Bored to Death

“All of humanity’s problems stem from man’s inability to sit quietly in a room alone.”

-Blaise Pascal

The ego or self or default mode network (I should come up with some new term that encapsulates all three) by its very nature necessitates a sense of lack. If we are truly separate, limited beings alone in the world, coming and going into permanent nothingness, then it is natural for us to try and escape this horrible truth. We feel that something is missing deep inside of us, that we are not enough. The usual human behavior we see around us is not all that surprising, viewed from this angle. There is an underlying anxiety or tension there, a need to fill this gap inside, this unresolved question.

So we try and chase after money, we chase after the perfect partner, the perfect distraction “out there” that can complete or fill our sense of being not enough. One seemingly finite being trying to escape its own self-enforced feeling of limitation by seeking another limited, finite thing outside of itself.

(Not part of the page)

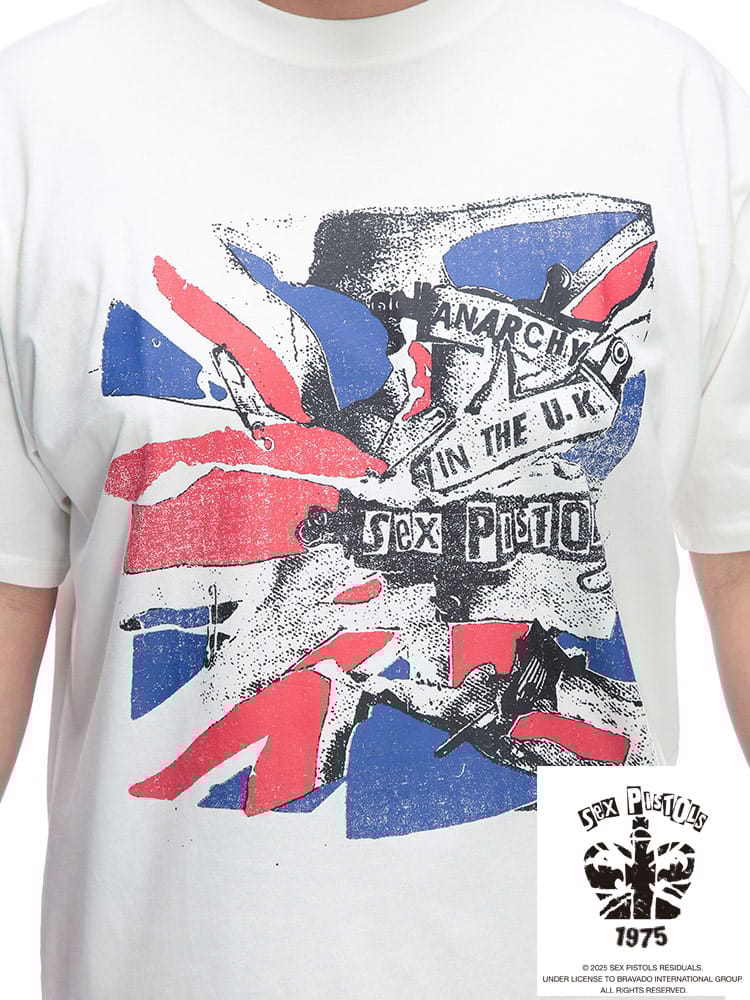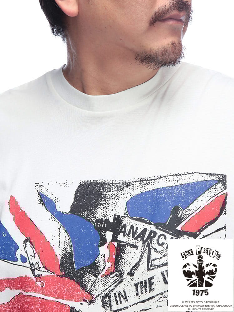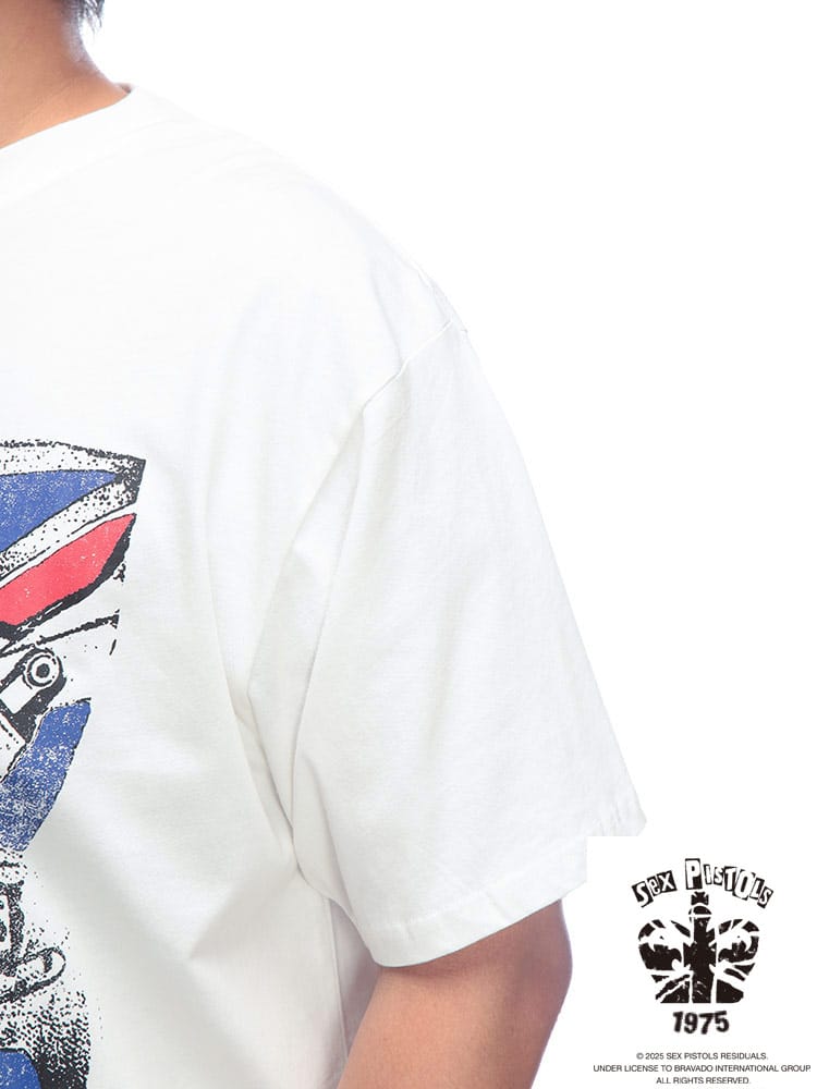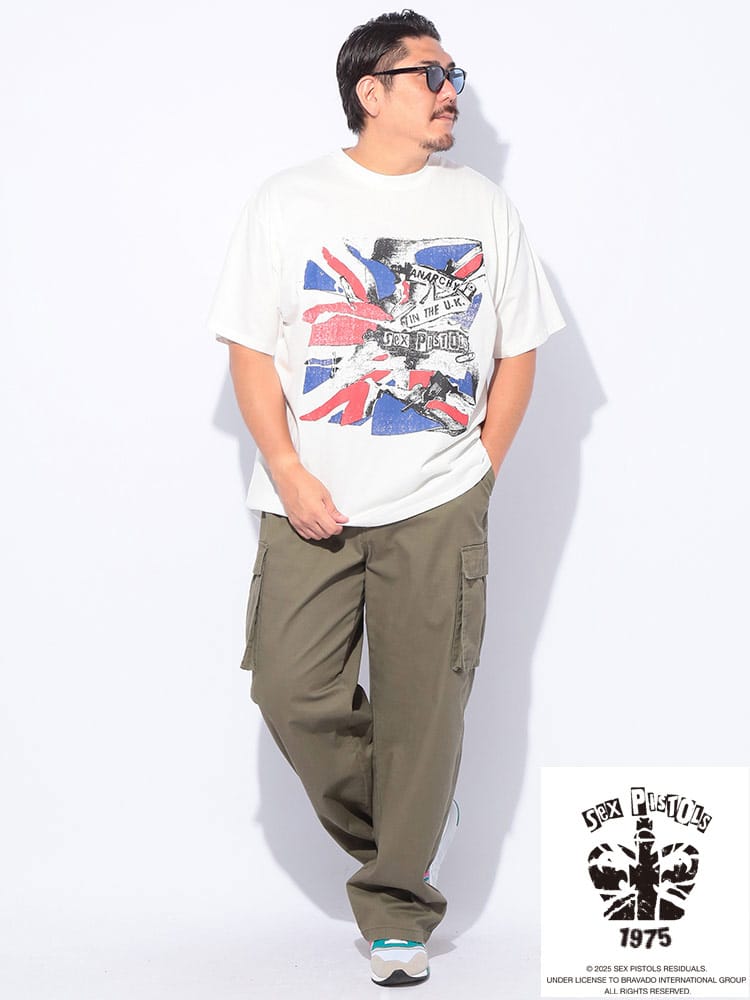 SEX PISTOLS半袖ユニオンジャックイラストプリントTシャツは、パンクロックのカリスマ、セックス・ピストルズのエネルギッシュな世界観を表現した一枚です。大胆に配されたユニオンジャックと、彼ららしい反骨精神を感じさせるイラストが強烈なインパクトを放ちます。これを着れば、あなたもストリートのアイコンに。カジュアルなスタイルにロックなエッセンスを加えたい方や、個性を際立たせたい方におすすめです。

It is a fool’s errand. As I discuss in the book, there are a variety of reasons we have committed ourselves to this nonsensical search. And the search is coming from a natural impulse to find wholeness or completeness. But we are looking in the wrong direction. The “me” is looking “out there” for something to bring it peace and relaxation, which is a flawed notion from the very beginning.

The direction has to be reversed, we have to look inside of ourselves. Put the burden of proof on your “self” to prove its own existence, this is what meditation is about. If you are in fact this limited, separate being, then where is it? What proof do we actually have for this me, this ego, with all its problems and worries?

Let the mind exhaust itself trying to bring forth a thousand-and-one descriptions for who you are. None of them last, none of them remain in the fire of meditation. This cosmic boredom and loneliness must be faced head-on. The continual energy that is lost in searching for completion “out there” is reversed and turned inwards, forcing us to confront this machine of the mind.

“I had decided that whatever boredom was, I was determined to live with it. If this was how nature wanted me to be alone, okay, then let nature take its own course. But the strangest thing happened with my determination to live with boredom. One day it disappeared. I was there alone but no longer lonely. And since then it has not appeared again.”

-Osho

As we confront the essential boredom and incompleteness of the modern mind, we are by definition not feeding the sense of incompleteness. We are literally boring ourselves to death. This is easily observable first-hand or through the neuroscience I outline in the book. The default mode network is gradually diminished, and with the dissolving of the self comes the reintegration into oneness. If there is no longer a “me”, then how can there be anything missing? Who would be there to be incomplete? Those things require duality, separation, a subject and an object.

In these magnificently boring times of quarantine and isolation, we might as well see this thing through to the end. Let yourself be bored to death through meditation, let your self be utterly starved until it withers away. What remains is the answer to our eternal question, our eternal search for wholeness.